Leadership in Times of Crisis

CFO in Times of Crisis

Think Strategically

The focus is now on the ongoing financial health of the organization and on rethinking the business model in the new normal. This is where the CFO excels. As the sole member of the executive team who is a financial expert, finance chiefs are essential in assessing the viability of any strategic initiative.

Provide Ethical Leadership

During prior financial crises, it was the CFO to whom people turned for straight answers to challenging questions. Whether it be employees, customers, board members, or investors, when people need to know the unvarnished truth, invariably they ask the CFO. And the CFO is expected to not only adhere to strict ethical standards, but also to create and maintain a culture where ethics are vital. This has never been more important than it is today. 

Build Elite Teams

While building elite teams remains important for CFOs, the focus of teambuilding has shifted. The last several years have been characterized by the “war for talent” as organizations could not hire enough people to keep up with the pace of growth. Obviously, this is no longer the case, as we have gone from the sellers’ market to the buyers’ market. This is a dramatic shift that will challenge the team-building skills of finance chiefs.

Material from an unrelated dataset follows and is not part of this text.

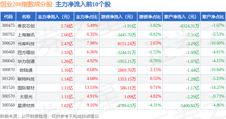 资金流向方面,创业200(399019)指数成份股当日主力资金净流出合计197.44万元,游资资金净流入合计3.27亿元,散户资金净流出合计3.25亿元。成份股资金流向详情见下表:

Rather than focus on recruiting and retention, CFOs today are tasked with getting maximum productivity from their teams in volatile circumstances. Work-from-home challenges have created turmoil across organizations, as workers struggle with issues (professional and personal) that were previously unimaginable. Also, furloughs and reductions in salary are common practices across most companies. Many firms had to reduce the workforce by 25% or more, and cut pay by 25% across the board, while asking the team to work harder than ever.

Master Deal-Making

This is perhaps an area that has become less important during this crisis, if for no other reason than that there are simply fewer deals being made than there was pre-pandemic. The IPO market is frozen, private equity financings are down, and M&A activity is much quieter than it has been in years. This all suggests that deal-making is less important to a CFO than it was a few months ago. However, do not diminish the importance of this skill. While activity is down, falling valuations may create acquisition opportunities that may have been out of reach a few months ago. A forward-thinking CFO may find long-term investment opportunities that simply were not available previously. In addition, activities such as debt refinancing and contract renegotiations with suppliers and customers are ongoing.

Learn Continuously

The main way CFOs learn is through peer-networking, and there has been an explosion of this in recent weeks. All of us are living in a world of uncertainty, and while there is nobody to turn to who has survived a crisis like this, it is more critical than ever to talk to your peers about challenges you are facing in your business.

Develop Board Relationships

Hopefully, during your tenure as CFO, you have been building solid relationships based upon mutual respect and trust. These relationships are now going to be critical. Board members are turning to the CFO to get the most objective and complete understanding of the companies they serve. Frequent 1:1 meeting between you and board members are advisable to enhance these relationships. Boards will also have similar relationships with the CEO, but the dynamic is different. Also, while CEOs are rarely dishonest, they do tend to be overly optimistic, an outlook which is likely to be even more pronounced during a crisis. It’s a reflection of confidence in their own ability to overcome any obstacle, so it’s a positive trait. But boards also benefit from a more realistic assessment of their companies, and often the CFO is the one who can best provide this.

Perform Cross-Functionally

It is no secret the role of the CFO has become increasingly cross-functional. Once limited to a back-office role, CFOs in recent years have become involved with all aspects of a business: sales, marketing, strategy, and operations. As organizations are forced to do more with less, the versatility of CFOs and other executives is going to prove critical to the survival of many organizations. 

Maintain Financial Expertise

Counter-intuitive though it may be, more CFOs today are not financial experts. Given how cross-functional the role has become, financial expertise is viewed in some circles as just one of many skills a CFO must have, but not the only one or even necessarily the most important one. But elite CFOs have remained financial experts, even if fewer of them are CPAs than in the past. It’s incumbent upon CFOs to be able to articulate meaningful financial data to their constituents, to explain the importance of this data, and to use it to drive better and faster decision-making than ever before. Elite CFOs can use financial data to make better and faster decisions.